Donald Trump is traveling on Friday to take him to California, a state which has promised to lead resistance against him, while the White House stages expulsions of irregular migrants.
During this trip devoted to recent natural disasters, a hurricane which ravaged North Carolina in October and the fires in Los Angeles, the Republican once again signaled his intention to very tightly control federal aid intended for the states.
“We are taking out the worst criminals” in the country, assured the American president, without further details, in Asheville (North Carolina), his first stop.
The White House boasted of having launched “the largest mass expulsion operation in history”. “The Trump administration has arrested 538 illegal criminal migrants,” its spokesperson Karoline Leavitt announced on X, adding that “hundreds” had been deported, using army planes for the first time.
The Pentagon confirmed that two military planes took migrants to Guatemala.
“It’s a pure propaganda operation,” said Aaron Reichlin-Melnick, expert from the American Immigration Council, on X.
During the 2024 fiscal year (October to the end of September), under President Joe Biden, Border Patrol expelled 271,000 undocumented migrants, an average of 742 people per day.
The Republican president promised to expel a total of “millions” of people.
Abortion
Donald Trump, who is making his first trip on Friday since his inauguration on Monday, will therefore not go in person on Friday to the big annual march of abortion opponents in Washington.
The septuagenarian, who was the first sitting president to participate in this gathering in 2020, however recorded a video message for the demonstrators, according to the White House.
With North Carolina and California, he chose two states hit by natural disasters that the Republican leader uses to attack his Democratic opponents.

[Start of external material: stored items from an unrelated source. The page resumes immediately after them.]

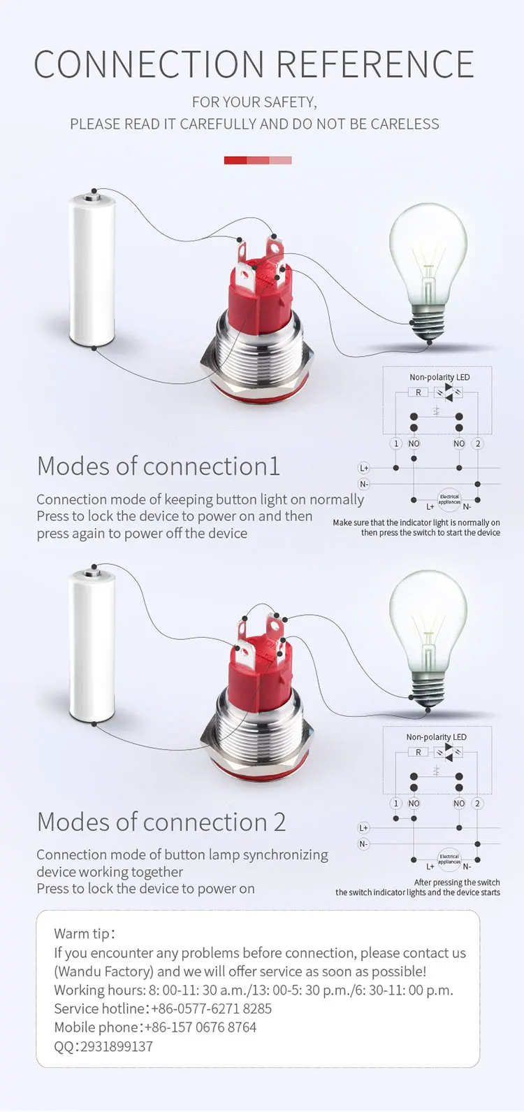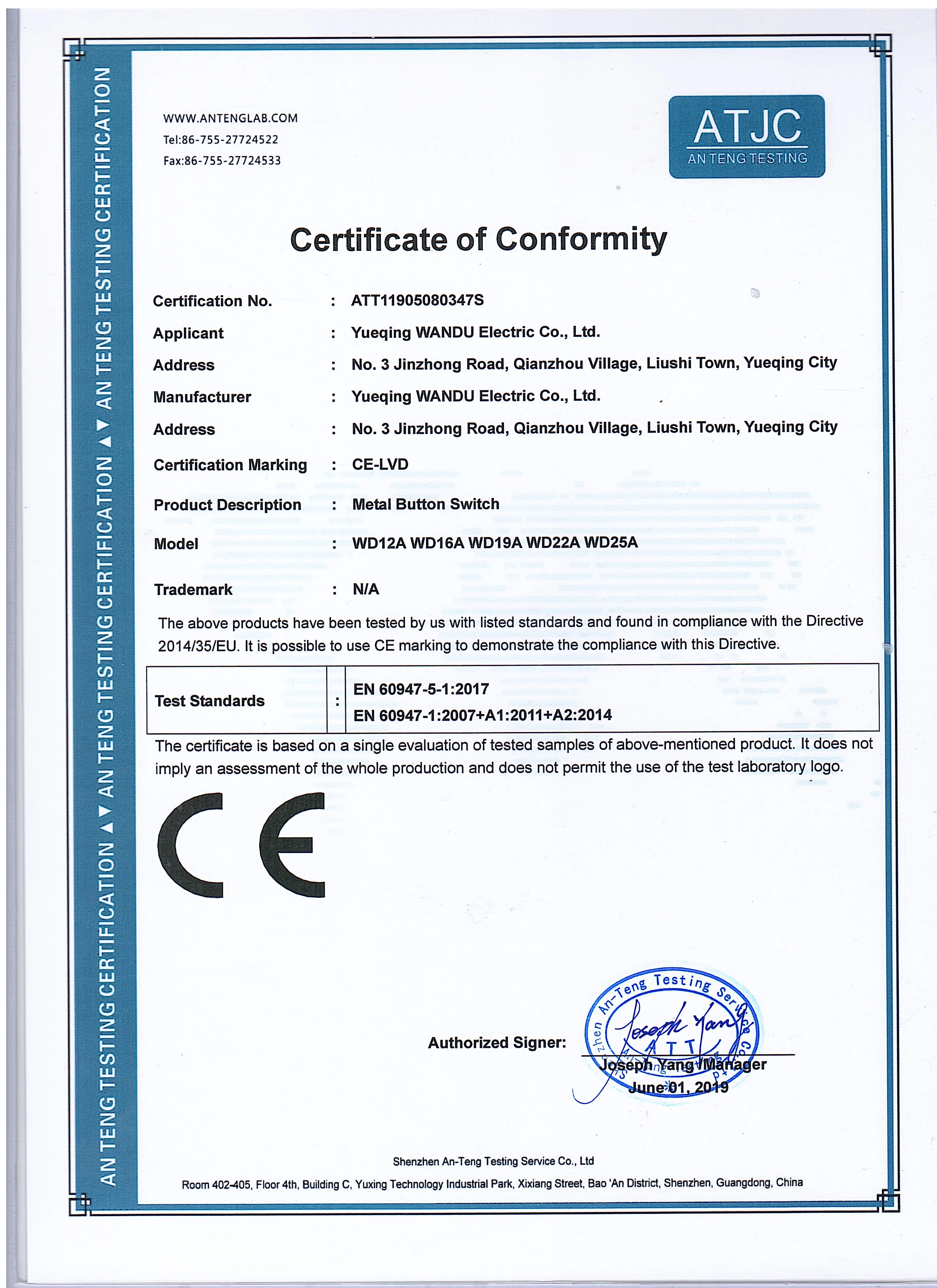 Zhejiang Wandu Electric Co.,Ltd is a professional manufacturer of electrical switches in Yueqing, China. Yueqing is famous and ranked as "the city of electronics of China", so we share the best electronics resources and talents, and have excellent logistics chains too.We are engaged in producing 9 categories and about 2,000 models of rocker switches,push button switches, toggle switches, micro switches, key switches,tact switches,dip switches,auto switches, indicator lights, fuse holders, power sockets, knobs, jacks and etc. With years of export trade experience, We have independent production plants, up to 2000 square meters.We have a professional R&D team, quality control personnel, and a complete production process.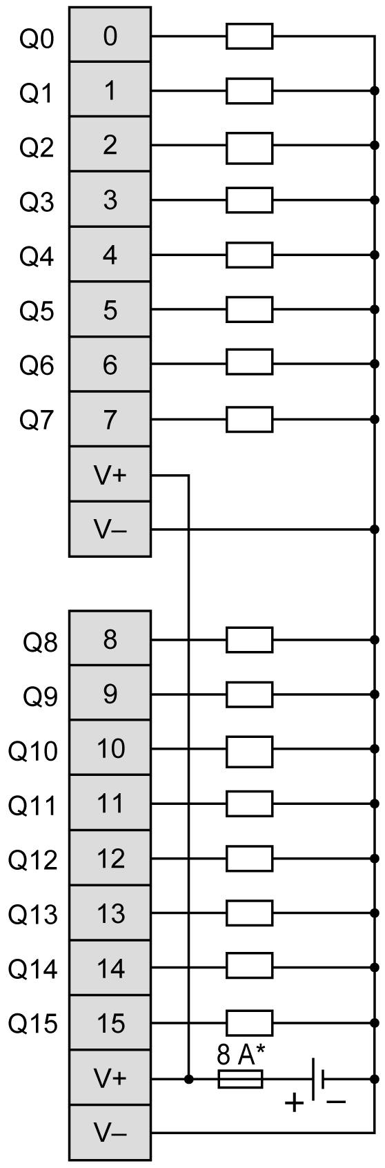 下图说明了输出、执行器及其公共端之间的连接: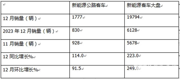 表1,根据终端上牌数据,2024年12月新能源公路客车同环比增速与新能源客车大盘比较:

The billionaire, who wants to tightly control the distribution of federal aid in the event of natural disasters, suggested Friday that he would “perhaps eliminate” FEMA, the federal agency for responding to hurricanes, fires and other disasters.
-He also said that any additional aid for North Carolina or California would “go through us,” and “not through FEMA.”
His attacks against this organization gained momentum in particular during the last electoral campaign, when he seized on the devastation of Hurricane Helen to criticize Democratic President Joe Biden and FEMA for having voluntarily neglected areas victims because they voted Republican.
Donald Trump, however, has never provided evidence for these accusations.
As for California, he threatens to call into question federal aid, ensuring that the Democratic authorities have cut off the water supplying fire-fighting systems, assertions denied by experts.
He said he also wanted to address the electoral rules in this large Democratic state during his trip.
“I want two things in Los Angeles. I want proof of identity for voters and I want the water to be released,” he said.
Last August the president, who regularly assures that the electoral system would be “rigged” against him, affirmed that “if Jesus counted the votes” he could win in California.
In November, Democratic Vice President Kamala Harris unsurprisingly won the state, even though Donald Trump made gains there.
According to the press, the president will be greeted when he gets off the plane in Los Angeles, as is customary, by the governor of the state, Gavin Newsom.
This hope of the Democratic Party is one of the Republican’s favorite targets.
The governor has positioned himself as one of the great leaders of the opposition against Donald Trump. He wishes to “defend (the) Constitution and uphold the rule of law”.